Tampoco debe caerse en los extremos. No hace falta que ni el profesor ni el alumno se aburran en clase, pero en el caso concreto de la programación se deben dedicar muchas horas. Tienes que pasar tiempo con ello fuera del aula y nada sale a la primera, debes perseverar. El profesor puede aplicar una metodología más o menos lúdica, pero la parte de estudio no puede perderse.

En Cataluña existe un fuerte debate sobre la prohibición de los móviles en las escuelas.

Para mí, evitar las pantallas es igual de fácil que tenerlas siempre. Es decir, es evitar una realidad existente. Las pantallas estarán ahí cuando salgan de la escuela. El problema no está tanto en las pantallas como en las plataformas de redes sociales, diseñadas para secuestrarnos la atención.

Es un tema complejo.

Dicho esto, lo que sí tengo claro es que estos cambios no deben afrontarse desde casa o desde la escuela, sino que se trata de un tema político.

Con la toma de posesión de Donald Trump se ha hecho evidente.

Sí, hay unos intereses de las big tech para influir en la política, y debemos preguntarnos por qué están gobernando y qué intereses tienen. Lo que está clarísimo es que son herramientas de biopoder que quieren influir en nuestra forma de ver el mundo.

Pero la gente los elige libremente en las urnas…

Sin vivir allí es muy difícil entenderlo, pero tanto miedo que tenemos de los robots y, al final, detrás de cualquier tecnología siempre hay un humano. Como te decía al principio, el desconocimiento hacia la tecnología, debido a que solo la consumimos y no la producimos, hace que las narrativas distópicas sean las dominantes.

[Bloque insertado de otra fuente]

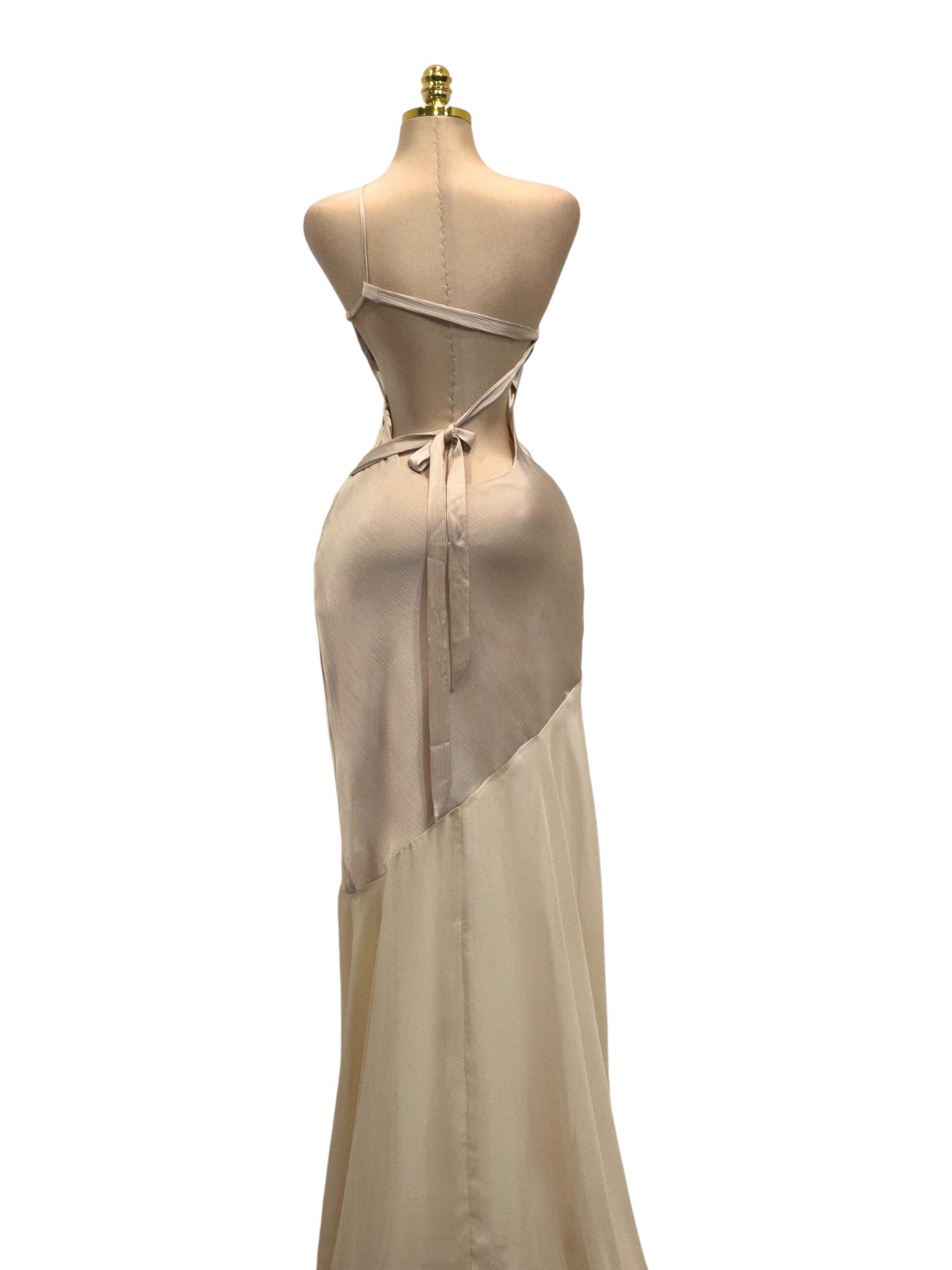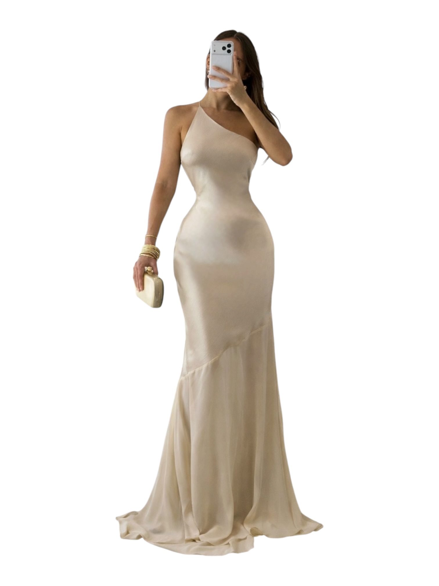 Vestido largo en tono champagne con escote asimétrico de un solo hombro. Diseño entallado que estiliza la silueta con falda de caída fluida y ligera transparencia en la parte inferior. Ideal para eventos formales o de noche.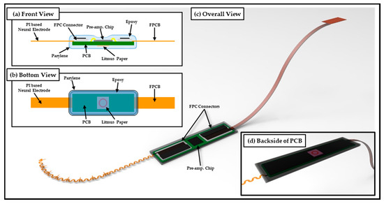 Scheme of polymer-based packaging for neural interface system. (a) Front view and (b) bottom view show details of packaging inside, (c) overall view, and (d) backside view.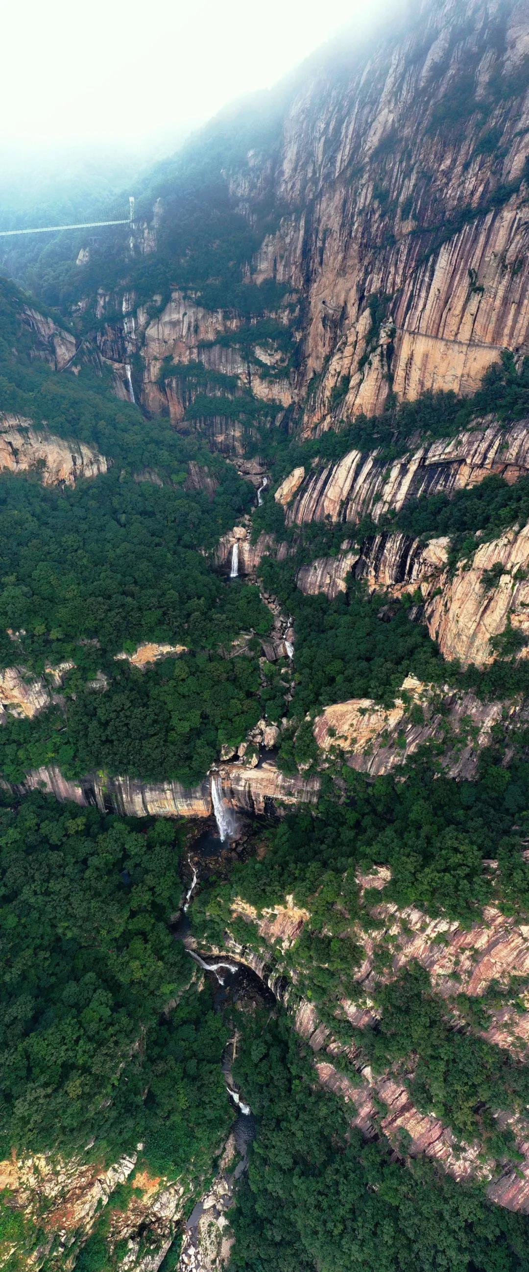九龍大峽谷底海拔900米,峽谷落差600多米,初春時(shí)節(jié),冰雪消融,大大小小18條瀑布,蜿蜒相連,白練飛懸,是白云山一道極為震撼的風(fēng)景線。

¿Conocer la tecnología permite que sea nuestra aliada?

Antes, la tecnología podíamos tocarla, podíamos interactuar con ella, pero ahora todo es inmediato y fácil. Desconocemos cómo funciona la máquina, y eso nos aleja de ella y hace que le tengamos miedo. Si la entendemos como parte de la cultura y algo que podemos construir, tanto en colectivo como individualmente, esta visión mejorará. De lo contrario, estará dominada por la narrativa imperante, en la que interesa que la desconozcamos o que le tengamos miedo para utilizarla como herramienta de control.

¿La tecnología nos aísla o nos une?

La tecnología nos conecta, pero que estemos conectados no significa que creemos significado conjuntamente. Es decir, en sí misma la tecnología no crea vínculos. Podemos estar conectados y aislados a la vez, y esto es lo que estamos viendo ahora. Pero siempre surgen formas de asociarse a través de las tecnologías. Al final, la necesidad de conexión del ser humano se impone.

¿En qué estás trabajando ahora?

Estoy inmersa en un proyecto para mejorar la aceptación social de la robótica asistencial gracias a una beca europea S+T+ARTS (Science, Technology & the Arts). Es una beca de investigación artística que he estado desarrollando con el Institut de Robòtica i Informàtica Industrial de la Facultad de Matemáticas y Estadística de la Universitat Politècnica de Catalunya y el CSIC, y que me ha permitido investigar cómo diseñamos y quién participa activamente en definir el futuro de los cuidados tecnológicos.

¿Alguna conclusión?

Aún es pronto para sacar conclusiones, pero quizá intentar mejorar la aceptación social de la tecnología sin antes abordar las condiciones laborales en el ámbito de la salud no tiene mucho sentido.